NEW YORK-For bond investors, high-yield debt deals by telecommunications and media companies are hard to ignore since they have constituted 30 percent to 40 percent of all new dollar-denominated issues in the last several years.
Of the $617 billion in this type of debt outstanding as of mid-June, nearly $112 billion in principal was sold by telecommunications companies and $90 billion by media companies.
Amid that issue surge, investors seeking to balance their portfolios and their risks must separate the wheat from the chaff before putting their money on the line, said Les B. Levi, a managing director at Chase Securities Inc., New York.
“Stay in front of consolidation, which drives spreads tighter and creates value, especially when investment grade companies buy junk bond companies,” he said June 16 at the New York Society of Security Analysts’ “High Yield Bond Seminar.”

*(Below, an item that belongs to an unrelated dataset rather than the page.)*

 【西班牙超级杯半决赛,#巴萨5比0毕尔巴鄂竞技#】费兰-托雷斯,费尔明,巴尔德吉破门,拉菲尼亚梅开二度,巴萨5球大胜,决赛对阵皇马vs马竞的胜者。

Spreads represent the difference between yields on securities of the same maturity but of different credit quality.
In telecommunications, the sectors ripe for consolidation include wireless carriers, infrastructure builders, Internet service providers and competitive local exchange carriers.

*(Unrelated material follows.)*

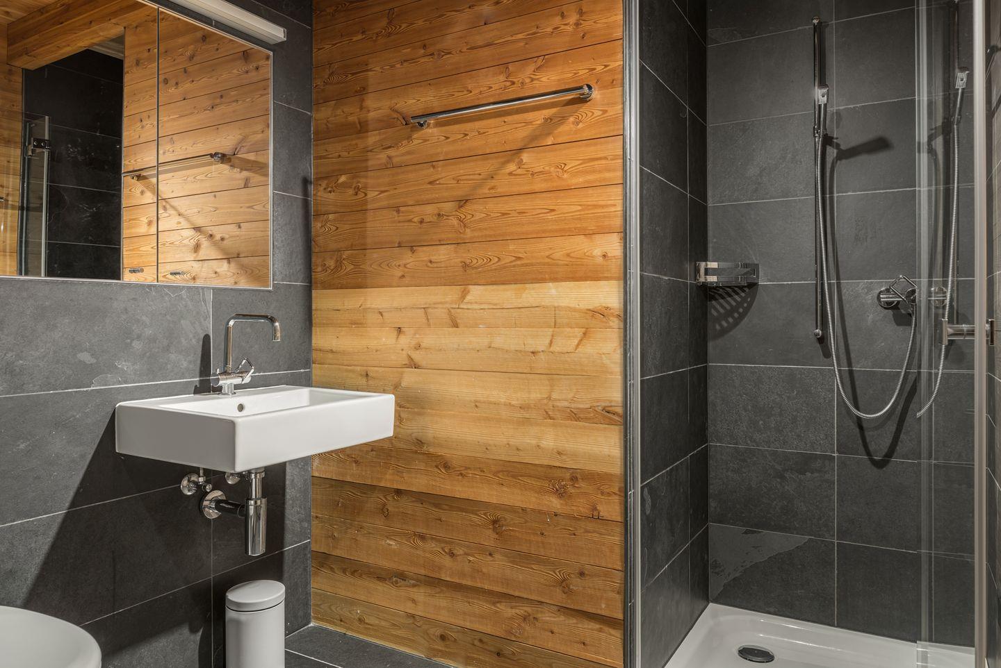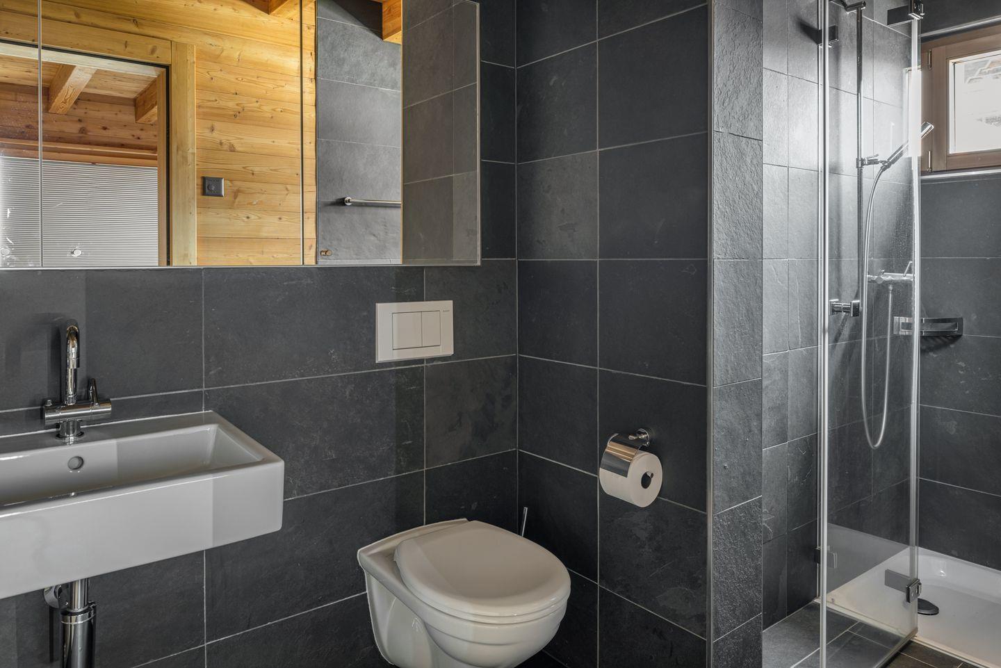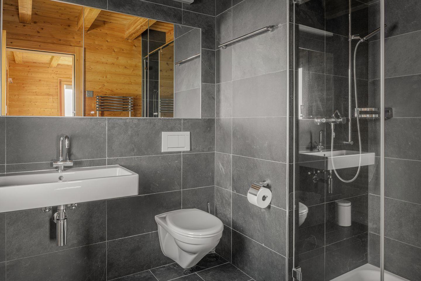 1. OG: 2 Doppelbettschlafzimmer mit eigenem Badezimmer mit Dusche/WC/ Lavabo, 1 Schlafzimmer mit 2 Einzelbetten, Badezimmer mit Dusche/WC/Lavabo. Mit Schiebtüre abschliessbares Fernsehzimmer mit Ausziehsofa für 2 Personen, Zugang zur Terrasse und Abstellraum mit Waschmaschine und Trockner.

However, potential consolidation is not the only benchmark for a good bond investment.
“Look for well-managed companies with valuable assets and viable business plans that will thrive even if not acquired,” Levi said.
A high-quality management team is especially important in managing execution of new business plans. Execution risk is one of the primary flavors of risk in the telecommunications high-yield bond market, he added.
Technology risk is another critical factor to consider, particularly when evaluating issues by paging and mobile satellite systems companies, Levi said.
“As [personal communications services] gets more functionality, it will reach more into paging’s market … Paging already is one of the dicier (high-yield) sectors (because) PCS already is cannibalizing paging by offering similar services for less money. Growth rates in paging are unsustainable,” he said.
“Is a company like Arch (Communications Group) obsolete? There is still a niche for paging, especially low-end, commodity paging. At the high end, two-way has found a niche and SkyTel (Communications Inc.) has seen some growth, but long term, it is headed for obsolescence.”
While paging is a relatively old technology in the wireless sector, one of the newcomers, satellite communications, confronts “a serious viability crisis today,” Levi said.
On the other end of the desirability spectrum, the new fixed wireless services providers appear to have a bright future and therefore make for promising investments, he said.
The federal government’s privatization of wireless spectrum not only created opportunities for mobile wireless carriers, like Sprint PCS, but also for an emerging group of wireless competitive LECs like Teligent Inc. and WinStar Communications Inc.
“The explosive growth in Internet and data applications is driving changes in networking technology [so that it has the] ability to handle high-speed data, voice and video in increasing volumes,” Levi said.
Regulatory reform also permitted regional Bell operating companies to spin off their cellular, paging and tower businesses, “creating a new need for high-yield financings,” Levi said.
As investors review prospects among telecommunications issuers of high-yield debt, another key criteria that warrants close scrutiny is a company’s liquidity risk.
“Will the company have continued access to (various sources of) capital to complete its plan? This is important, given that the (bond) markets tend to run hot and cold,” he said.
In May, 20 telecommunications and media companies were able to sell more than $6 billion in high-yield debt. That is, by far, the largest number of such companies and aggregate principal amount of junk bonds in this sector sold in more than a year.